Besides closed sales, do you know weekly how well you’re tracking towards making the month or quarter? What kind of predictive progress metrics do you track? Will it be a total surprise at the end of the quarter if you hit a wall and miss your number?
I’m a fan of tracking weekly or monthly pipeline progress metrics (how much was created, how much do we have, what is the quality of it?) If you understand your sales model metrics, you can tell weekly whether or not you’re likely to make or break the quarter.
Example
let’s say you’re a $30 million company that’s growing quickly. You have 50 quota-carrying sales reps. It’s January 2nd, with 12 weeks to go in the quarter that ends March 31. Your sales goal is $12 million, which is $2 million higher than you’ve ever hit before. You hope you can do it – but want to replace “‘hope” with metrics and progress reports so that you know immediately if you get off track and can course-correct quickly.

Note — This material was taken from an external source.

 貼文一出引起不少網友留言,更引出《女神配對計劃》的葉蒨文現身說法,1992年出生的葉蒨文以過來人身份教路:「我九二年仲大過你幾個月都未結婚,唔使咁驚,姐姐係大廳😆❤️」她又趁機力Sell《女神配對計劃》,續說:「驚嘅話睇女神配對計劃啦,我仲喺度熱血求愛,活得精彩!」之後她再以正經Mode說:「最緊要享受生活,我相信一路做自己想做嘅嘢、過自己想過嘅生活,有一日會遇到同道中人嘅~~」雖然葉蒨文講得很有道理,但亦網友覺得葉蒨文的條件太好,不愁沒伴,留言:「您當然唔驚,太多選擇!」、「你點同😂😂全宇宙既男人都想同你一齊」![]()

Here’s an example of calculating a meaningful weekly progress metric:
1) If the sales goal is $10 million in sales bookings this quarter…

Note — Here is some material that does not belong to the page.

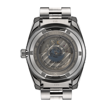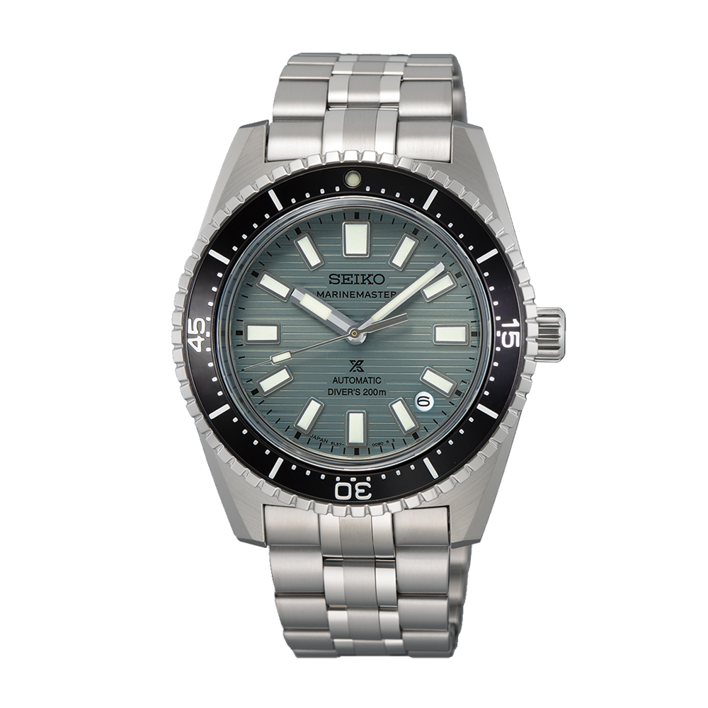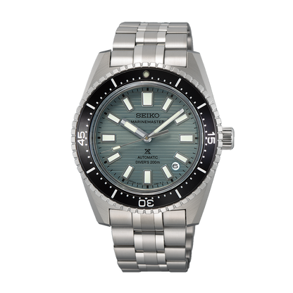 The Seiko Prospex Marinemaster watch has an automatic movement housed within a 39.50mm stainless steel case with a black unidirectional rotating bezel. The gray-green dial features a date window and is protected by sapphire crystal. The stainless steel bracelet leads to a deployant clasp. Water resistant to 200 meters.

2) And your close rate is 33% of open pipeline [assume this is blended between new customers acquired and upsell bookings of existing customers]…
3) Thus you need $30 million in pipeline about a ‘sales cycle length’ prior to the closing period. For simplicity, let’s assume your cycle is 30 days (don’t we all wish!) so we need $36 million in pipeline by March 1…
4) Another assumption: today, as of January 2nd, you have $28 million in pipeline…
5) Which means that to have a total of $36 million in pipeline, your team needs another $8 million over 8 weeks (by March 1st, 30 days before the quarter close)…
6) Which is $1 million per week…
7) Divided across 50 sales reps, is $40,000 in new pipeline per week per sales rep. As long as the sales cycles are similar, it doesn’t matter whether it comes from marketing, inside sales teammates, channel partners or the moon.
Resulting Weekly Progress Metric
Now you have weekly visibility into your progress towards the quarter. If the company doesn’t add $1 million in new pipeline per week overall, or each rep doesn’t get $40,000, alarm bells should start going off.
“Progress Metrics” vs. “Activity Metrics”
Pipeline created per week is just one example. You might need to measure pipeline upgraded past a certain stage, or only new customer pipeline, or…whatever is most relevant to your model. I would pay attention to activity metrics as well (number of ‘call-connects’, appointments, quotes…), but those kinds of metrics don’t tell you whether or not you are making progress to your goal this quarter. They can complement, but do not replace, progress metrics.
Increasing Visibility Even Further
The better you understand the cause-and-effects of your model and progress metrics, the earlier you can begin to forecast and deal with issues. For example, let’s say you know that 20 new inbound leads in one week reliably leads to 4 opportunities worth a total of $100,000 each in the following week, and then two closed opportunities 30 days later for a total of $50,000.
Now assume the leads drop by 50% one week. You should see only half as much pipeline ($50,000) the following week as you would normally get, and half as much in sales 30 days later ($25,000 instead of $50,000).
Of course, people aren’t static, and if leads drop one week then salespeople will try to find a way to make up the difference, but you understand my point. The further in advance you can forecast and identify blips in your growth, the more time you get to try to deal with them before the end of the quarter or year.